Book Synopsis Unequal Family Lives by : Naomi R. Cahn
Download or read book Unequal Family Lives written by Naomi R. Cahn and published by Cambridge University Press. This book was released on 2018-08-02 with total page 349 pages. Available in PDF, EPUB and Kindle. Book excerpt: This volume explores the causes and consequences of family inequality in the United States, Europe, and Latin America.
Author :Tomes, Nigel Publisher :London : Department of Economics, University of Western Ontario ISBN 13 :9780771401534 Total Pages :61 pages Book Rating :4.4/5 (15 download)

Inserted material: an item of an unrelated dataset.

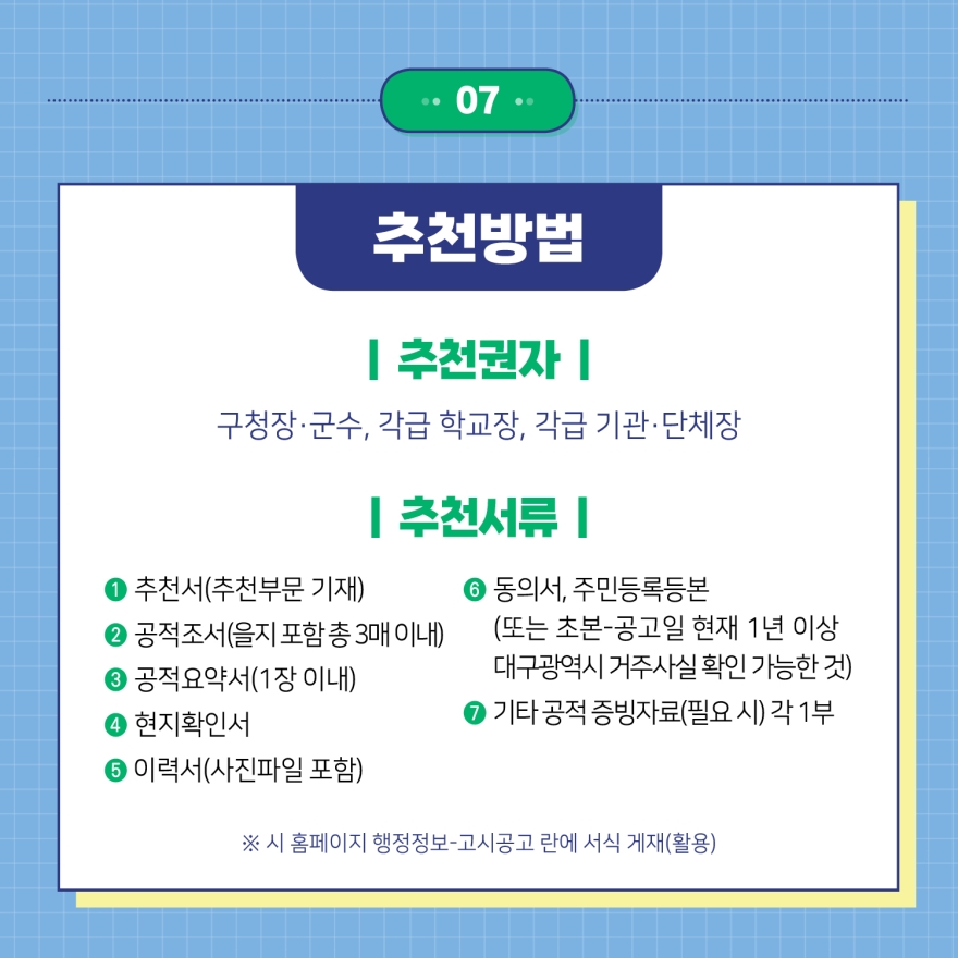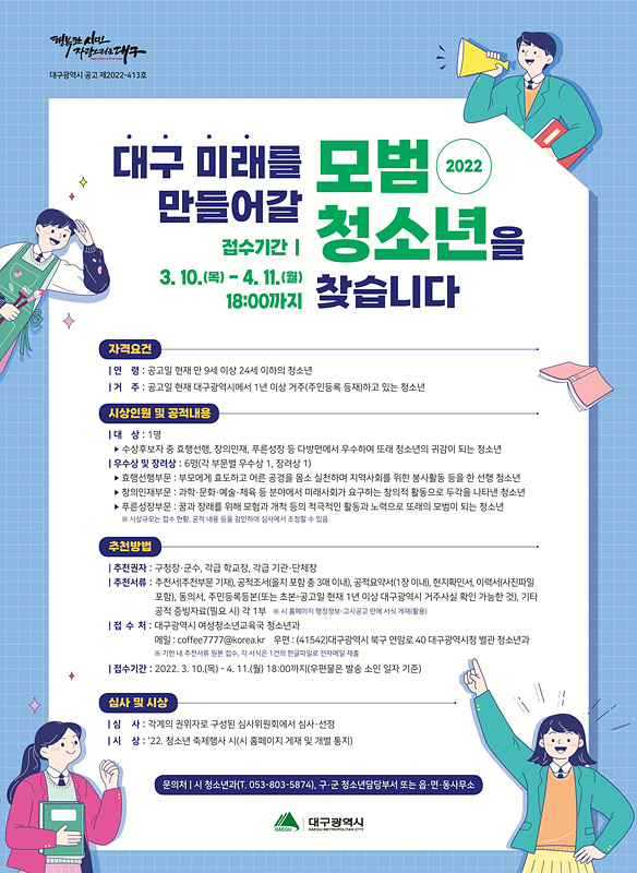 제 34회 대구광역시 모범 청소년 후보자 모집 안내

Book Synopsis The Family, Inheritance and the Intergenerational Transmission of Inequality by : Tomes, Nigel
Download or read book The Family, Inheritance and the Intergenerational Transmission of Inequality written by Tomes, Nigel and published by London : Department of Economics, University of Western Ontario. This book was released on 1980 with total page 61 pages. Available in PDF, EPUB and Kindle. Book excerpt:
Book Synopsis Ethnic Specialization and Earnings Inequality by : Martin Kahanec
Download or read book Ethnic Specialization and Earnings Inequality written by Martin Kahanec and published by . This book was released on 2006 with total page pages. Available in PDF, EPUB and Kindle. Book excerpt:
Book Synopsis Wage Inequality in Africa by : Shirley Johnson-Lans
Download or read book Wage Inequality in Africa written by Shirley Johnson-Lans and published by Springer. This book was released on 2017-04-17 with total page 87 pages. Available in PDF, EPUB and Kindle. Book excerpt: This Palgrave Pivot features original research studies of wage inequality in African countries including South Africa, Nigeria, Tanzania, and Uganda. The contributors examine gender and racial wage differentials, as well as the effects of urbanization and globalization on inequality in wages and earnings. They also examine the extent to which human capital factors such as education and experience contribute to the significant wage differentials that exist in African countries.